Which lines below fall between the one containing "dir. Joseph Lewis)" and the one containing "-2 Corinthians 4:18"? Repeat them exactly, counting both of those lines, and add nothing else.

The data below:

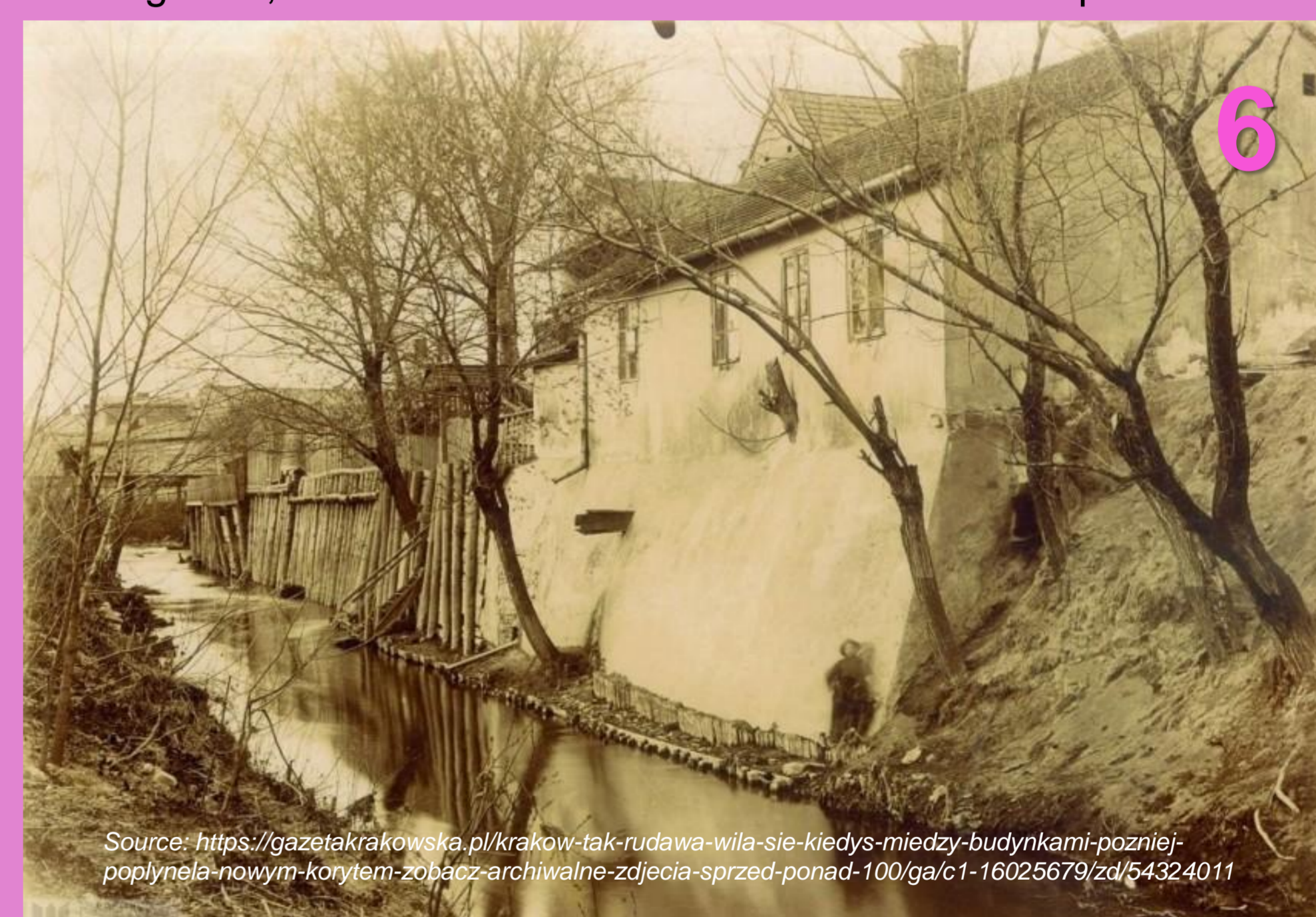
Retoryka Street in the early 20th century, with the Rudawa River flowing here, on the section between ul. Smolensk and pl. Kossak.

End of The data.
The data below:

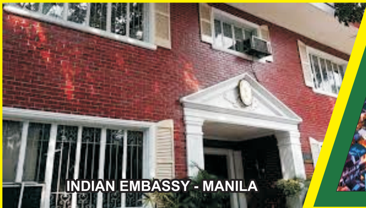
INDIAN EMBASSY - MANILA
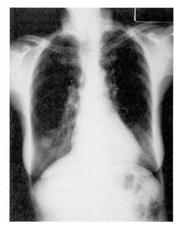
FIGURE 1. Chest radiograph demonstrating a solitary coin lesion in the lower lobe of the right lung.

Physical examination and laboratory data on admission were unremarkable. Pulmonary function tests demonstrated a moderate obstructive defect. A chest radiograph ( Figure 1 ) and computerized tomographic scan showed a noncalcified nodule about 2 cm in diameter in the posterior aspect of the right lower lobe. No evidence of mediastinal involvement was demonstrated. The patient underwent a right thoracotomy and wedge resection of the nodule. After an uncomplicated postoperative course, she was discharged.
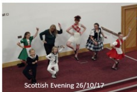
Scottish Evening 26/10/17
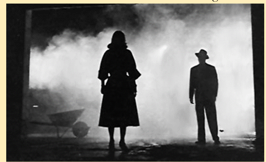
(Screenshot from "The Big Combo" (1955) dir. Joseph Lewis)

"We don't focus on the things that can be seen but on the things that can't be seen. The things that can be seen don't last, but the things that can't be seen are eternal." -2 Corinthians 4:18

End of The data.

Worked solution ->
(Screenshot from "The Big Combo" (1955) dir. Joseph Lewis)

"We don't focus on the things that can be seen but on the things that can't be seen. The things that can be seen don't last, but the things that can't be seen are eternal." -2 Corinthians 4:18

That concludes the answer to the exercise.